Les deux frères travaillent dans l’entreprise familiale.
- En 1777, ils mettent au point le papier vélin.
- En 1781, ils substituent aux antiques piles à maillet la batterie hollandaise qui transforme rapidement le chiffon en pâte à papier.

En remerciement, Louis XVI anoblit le chef d’entreprise Pierre Montgolfier. Un autre homme de science honorera la famille de Montgolfier. Il s’agit de Marc-François Seguin. Petit-neveu par sa mère de Joseph et Etienne, il s’est distingué par l’invention du pont suspendu et de la chaudière tubulaire. Il est, avec ses frères, le constructeur de la ligne de chemin de fer reliant Lyon à Saint-Etienne en 1826.

A la différence de son frère Etienne, Joseph Montgolfier n’est pas un homme d’affaires.

Dès son enfance, il ne peut s’empêcher de s’intéresser à tout et de vouloir perfectionner tout ce qu’il approche. A la fois chimiste, physicien à l’aune de son temps, mécanicien, hydraulicien, c’est un rêveur qui a les pieds sur terre.

Le succès de la montgolfière lui apporte la notoriété. Il en a fait un personnage de la communauté technique et scientifique de la capitale, couronné par son élection à l’Académie des Sciences en 1807, à la place de l’illustre Coulomb, et par son affectation au conservatoire des Arts et Métiers.

Joseph a côtoyé aussi les plus grands savants de son époque : Lavoisier, Monge, Carnot, Volta, Laplace, Prony, Ampère…

Le renoncement pénible à l’aéronautique qui a fait sa gloire, le libère. Il reprend ses anciennes spéculations et poursuit ses éclectiques activités inventives.

Il contribue à la conception de la lampe à huile de son ami Argand. Selon ce système, une cheminée en verre accélère le courant d’air qui soutient la combustion de l’huile qui imprègne une mèche tubulaire.

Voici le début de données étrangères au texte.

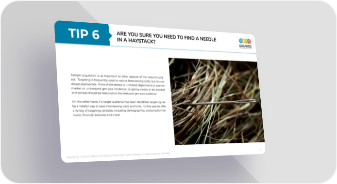 TIp 6 ARe You SuRe You need to FInd A needLe In A hAYStACk? Sample acquisition is as important as other aspects of the research proj- ect. Targeting is frequently used to reduce interviewing costs, but it’s not always appropriate. If one of the stated, or unstated, objectives is to size the market or understand gen pop incidence, targeting needs to be avoided and sample should be balanced to the (relevant) gen pop audience. On the other hand, if a target audience has been identified, targeting can be a helpful way to save interviewing costs and time. Online panels offer a variety of targeting variables, including demographics, consumption be- havior, financial behavior and more! ENGAGE 2.0 - 30 TIPS TO IMPROVE THE RESEARCH PARTICIPANT USER EXPERIENCE – A GRBN Handbook © 2020 GRBN 27

Avec le même Argand, il projette d’exploiter des procédés appliqués à la distillation de l’eau de vie, au séchage du hareng, à la déshydratation des fruits et jus de fruits (il a tout bonnement inventé la lyophilisation).

Puis vient l’illumination du bélier hydraulique, machine à relever l’eau d’une rare originalité.

Ce projet l’accaparera jusqu’à la fin de sa vie sans l’empêcher de vagabonder dans d’autres domaines. C’est ainsi que ses réflexions sur la chaleur et la combustion, l’amèneront à concevoir le moteur à explosion et à réaliser une première expérience avec de la poudre.

Tous ses travaux firent de Joseph Montgolfier un savant respecté. Il rencontrait beaucoup de monde, toujours prêt à rendre service.

Ainsi, il aida un industriel à développer la production d’alun, de soude et de sulfate de fer à Verberie, dans l’Oise.